Start of Records

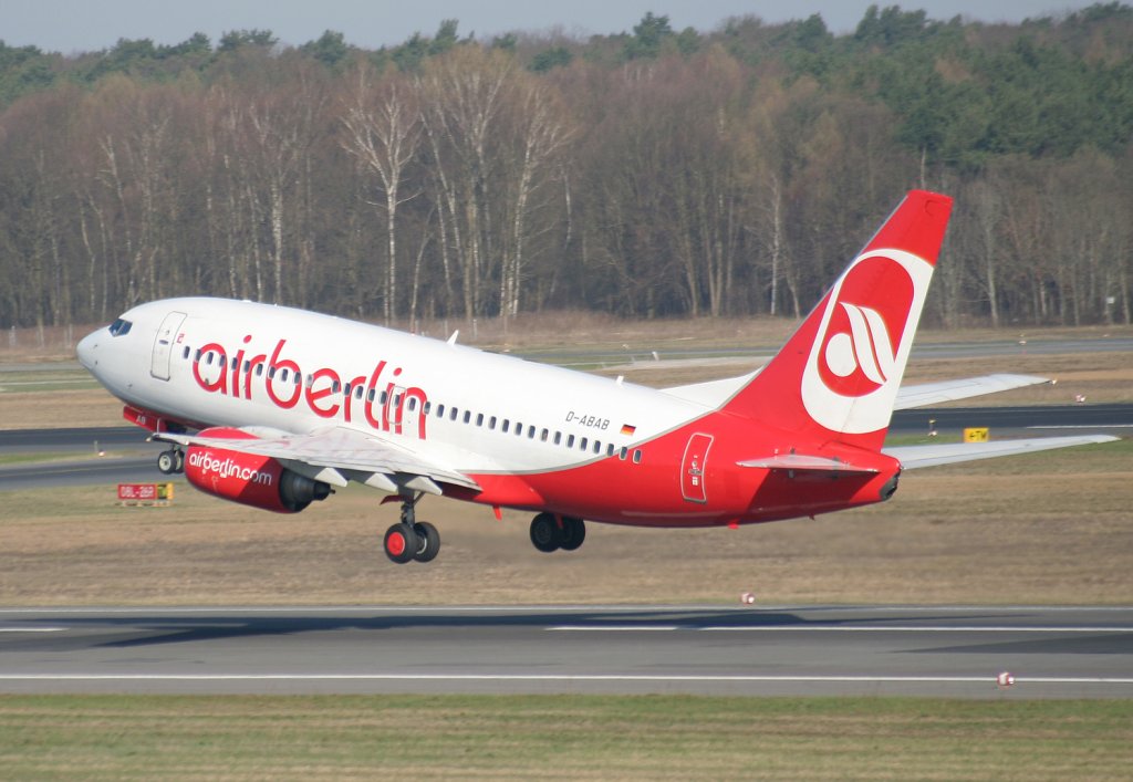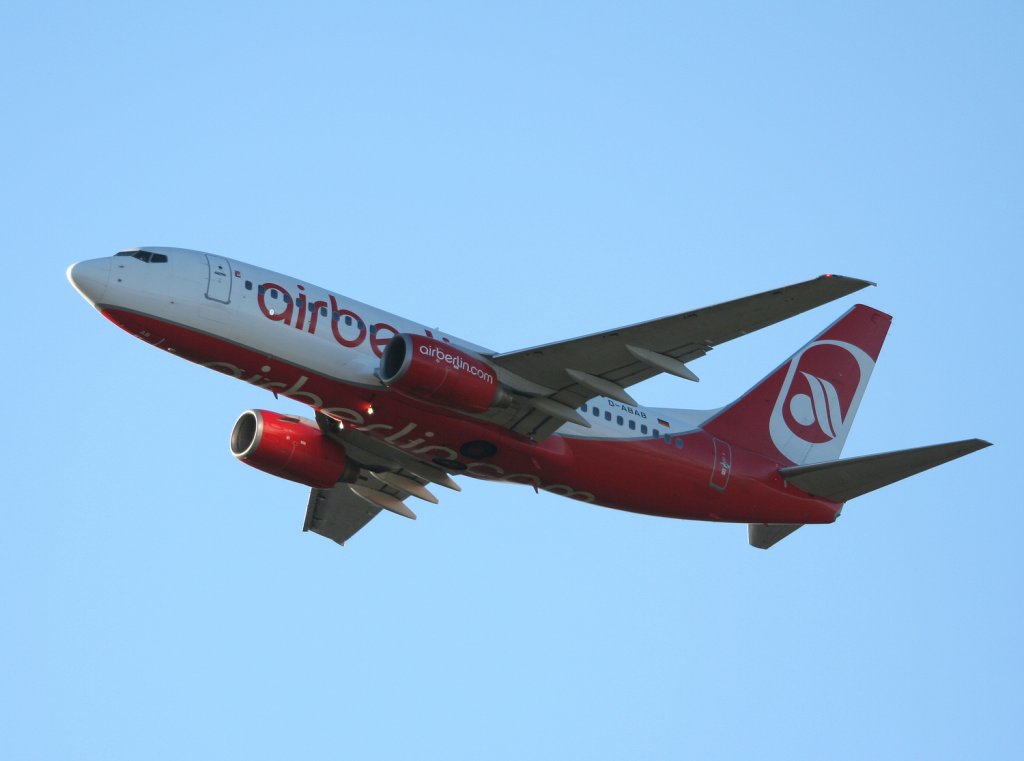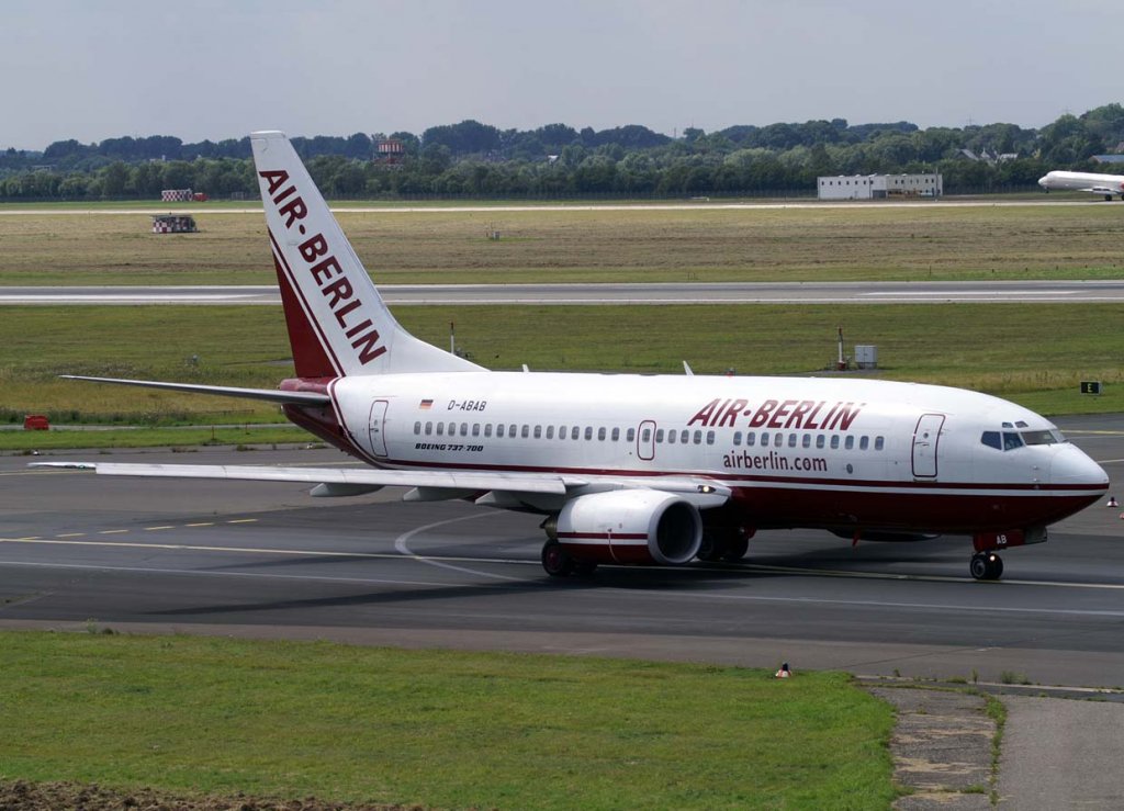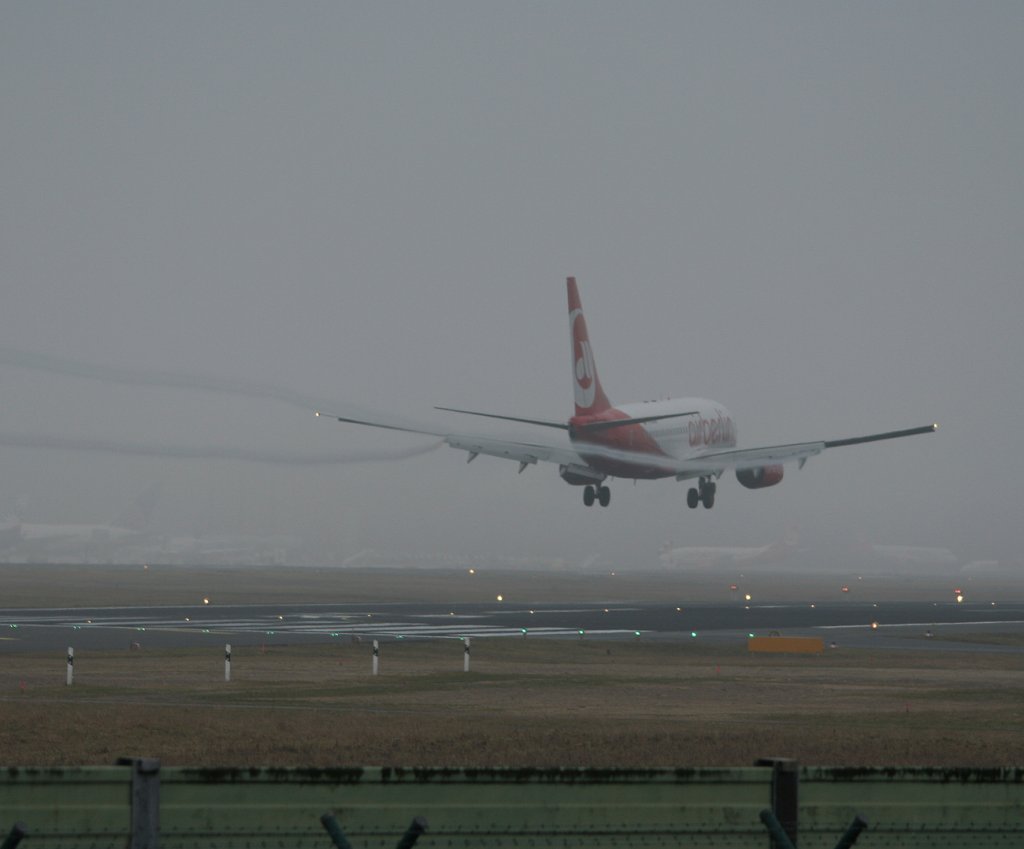 Air Berlin 737 D-ABAB in Berlin TXL am 23.02.2008 auf dem Weg zur Rwy 26L - diese Aufnahme entstand am "Spotterhügel". Diese Fotoposition soll aber ab dem Sommer/Herbst 2008 durch eine 6-8m hohe Lärmschutzwand geschlossen werden Hans-Jürgen Mind
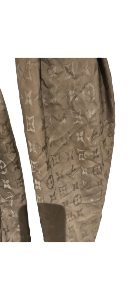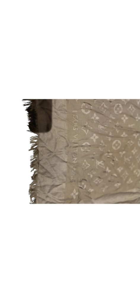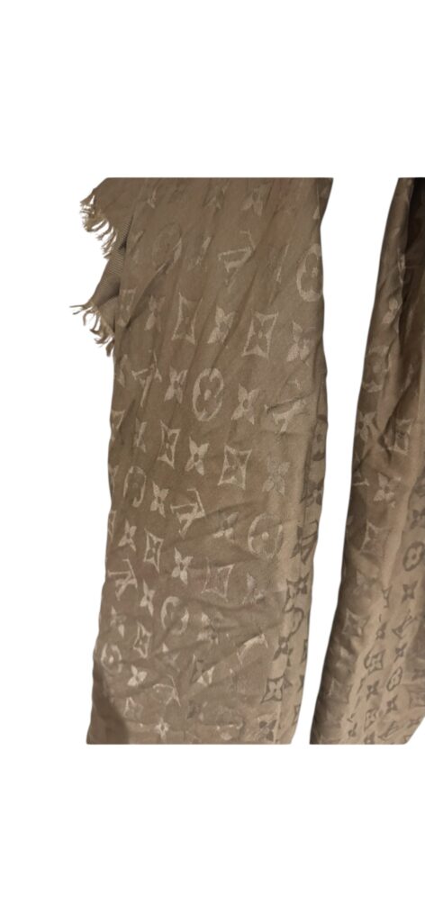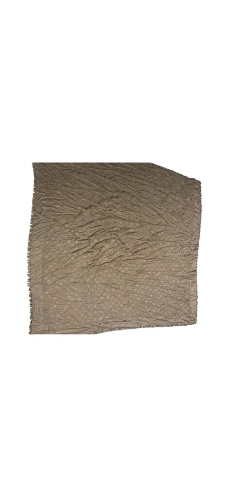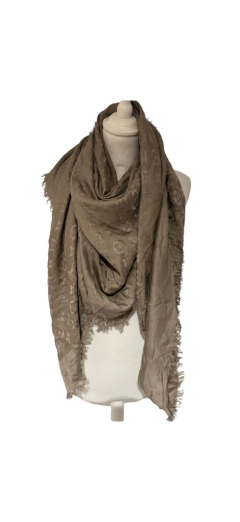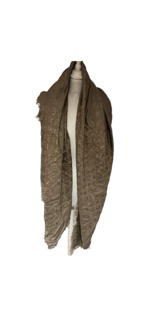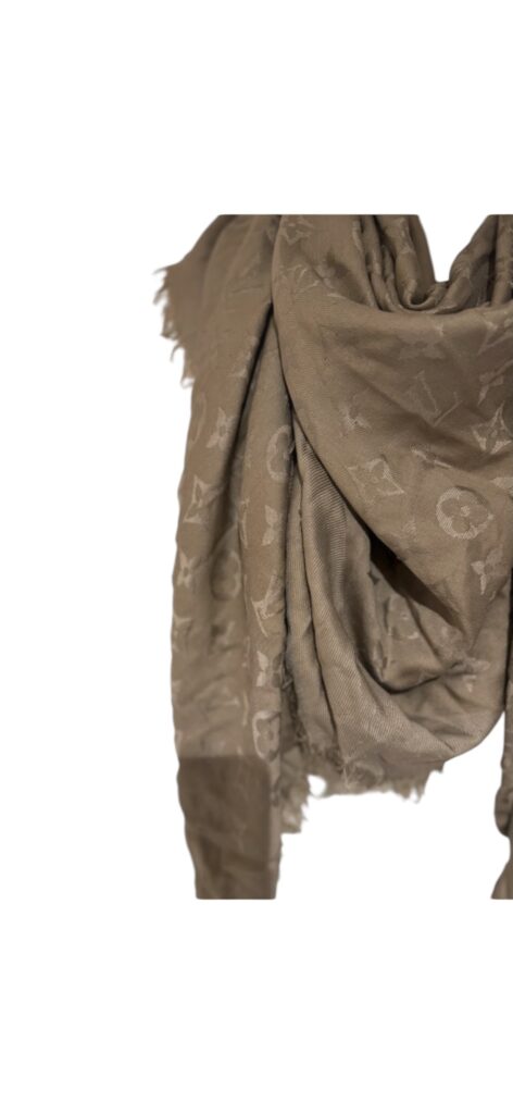 Magnifique étole Louis Vuitton Monogram, dans un élégant ton taupe/beige, facile à associer toute l’année.
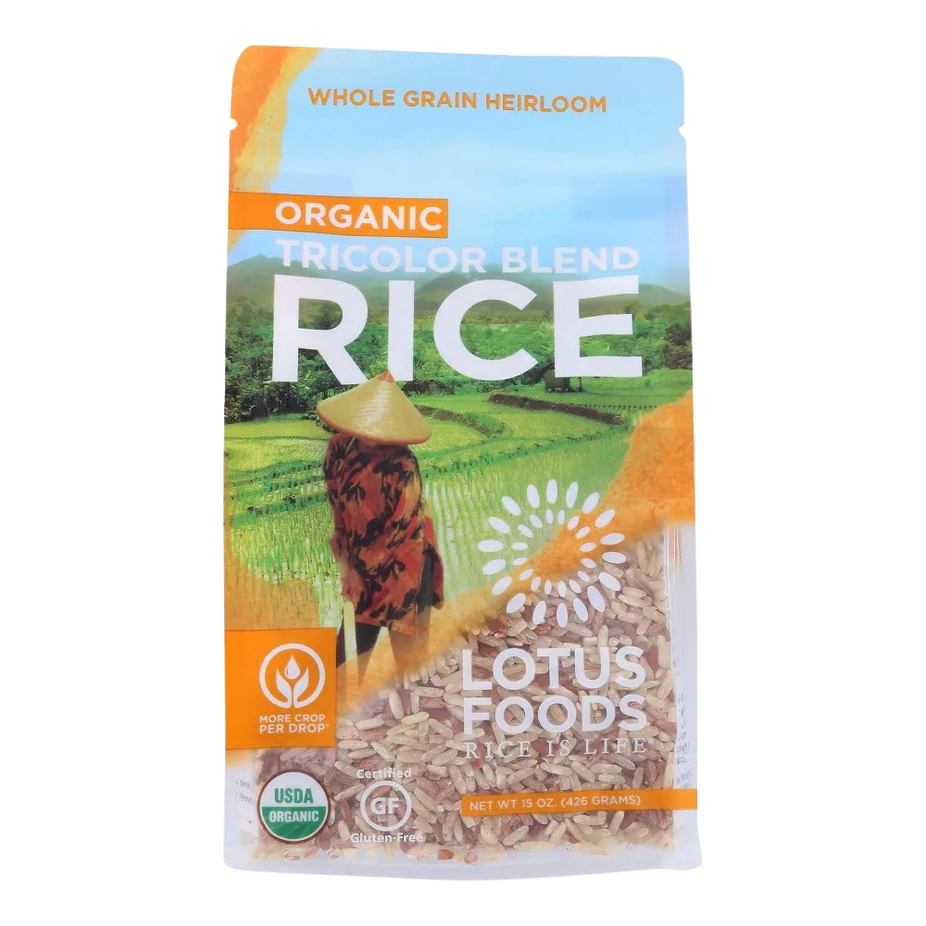 Enhance your meals with the colorful and flavorful Lotus Foods Organic Tricolor Blend Rice, a perfect choice for health-conscious cooks.
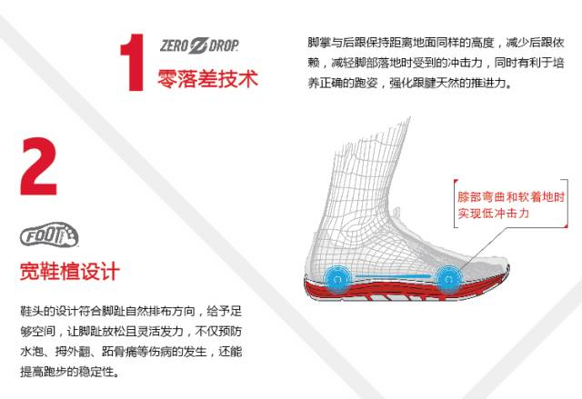 也就是脚掌和脚后跟零落差,这样的鞋子穿上跑步时,它才不会阻挡人自然的落地方式:从跖球部过渡到脚掌再到脚后跟。
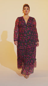 Curveins Plus Size Floral Print Lantern Sleeve Tiered Maxi Dress
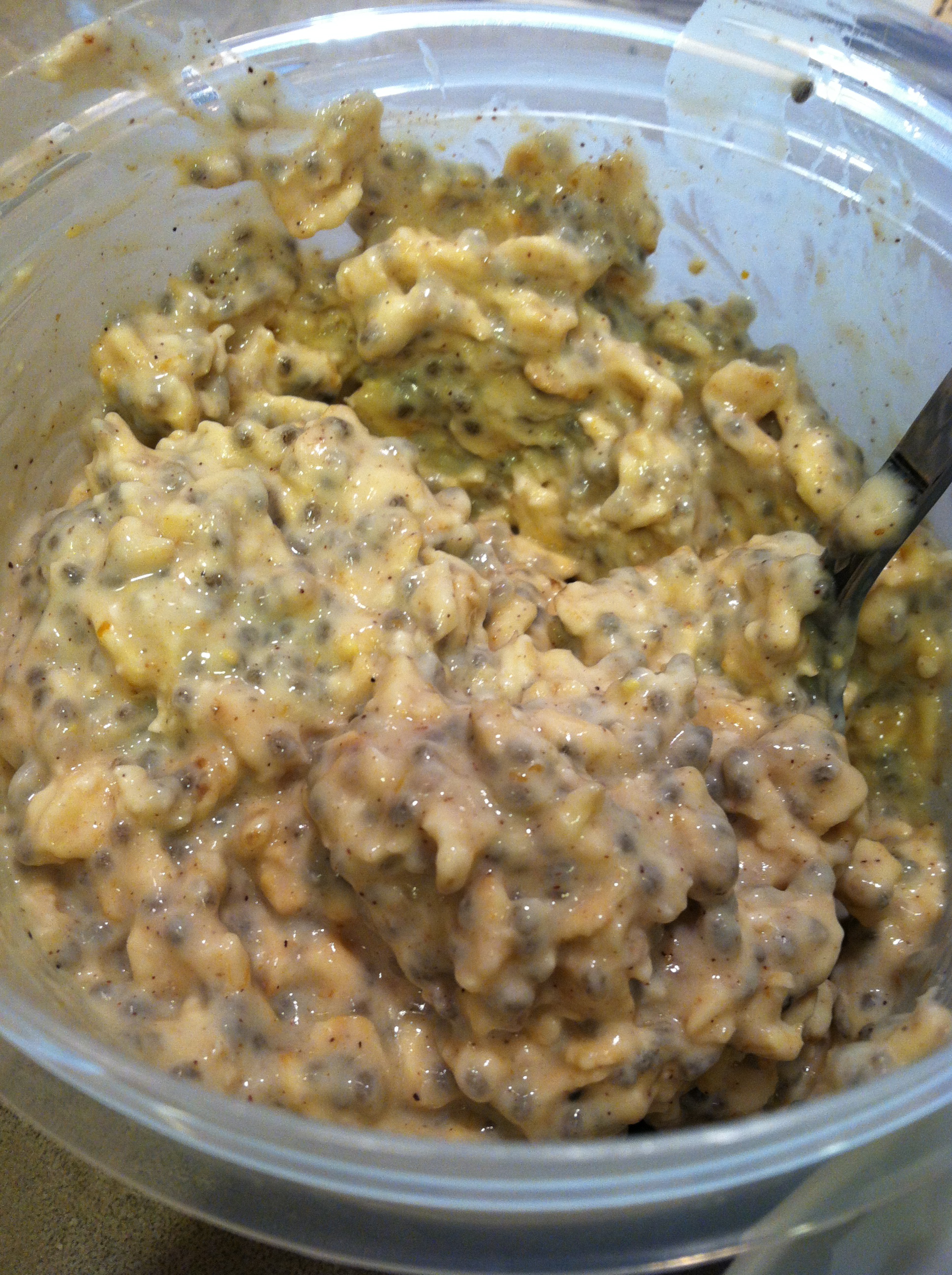 and I let that sit in a covered container in the fridge overnight for the oats to soak up all the milk and yogurty goodness.
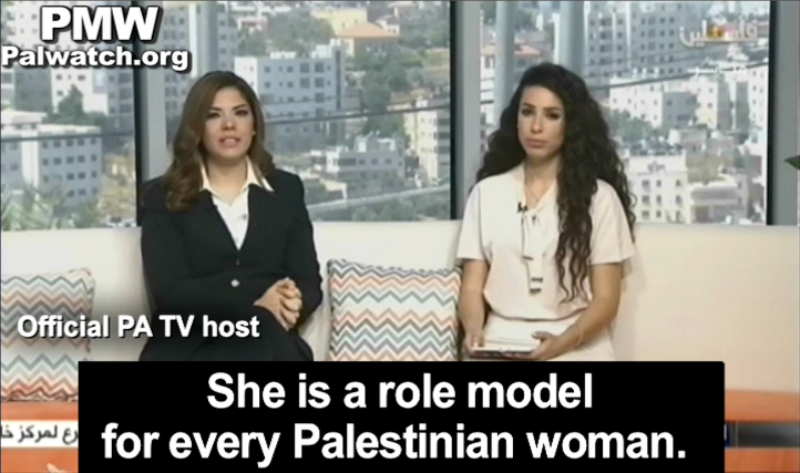 PA TV’s reporter also praised Abu Hmeid, saying “she is a role model for every Palestinian woman”:

End of Records

_Activity_
Without the pictures, repeat every record above exactly as written.

_Your solution_
 Air Berlin 737 D-ABAB in Berlin TXL am 23.02.2008 auf dem Weg zur Rwy 26L - diese Aufnahme entstand am "Spotterhügel". Diese Fotoposition soll aber ab dem Sommer/Herbst 2008 durch eine 6-8m hohe Lärmschutzwand geschlossen werden Hans-Jürgen Mind
 Magnifique étole Louis Vuitton Monogram, dans un élégant ton taupe/beige, facile à associer toute l’année.
 Enhance your meals with the colorful and flavorful Lotus Foods Organic Tricolor Blend Rice, a perfect choice for health-conscious cooks.
 也就是脚掌和脚后跟零落差,这样的鞋子穿上跑步时,它才不会阻挡人自然的落地方式:从跖球部过渡到脚掌再到脚后跟。
 Curveins Plus Size Floral Print Lantern Sleeve Tiered Maxi Dress
 and I let that sit in a covered container in the fridge overnight for the oats to soak up all the milk and yogurty goodness.
 PA TV’s reporter also praised Abu Hmeid, saying “she is a role model for every Palestinian woman”:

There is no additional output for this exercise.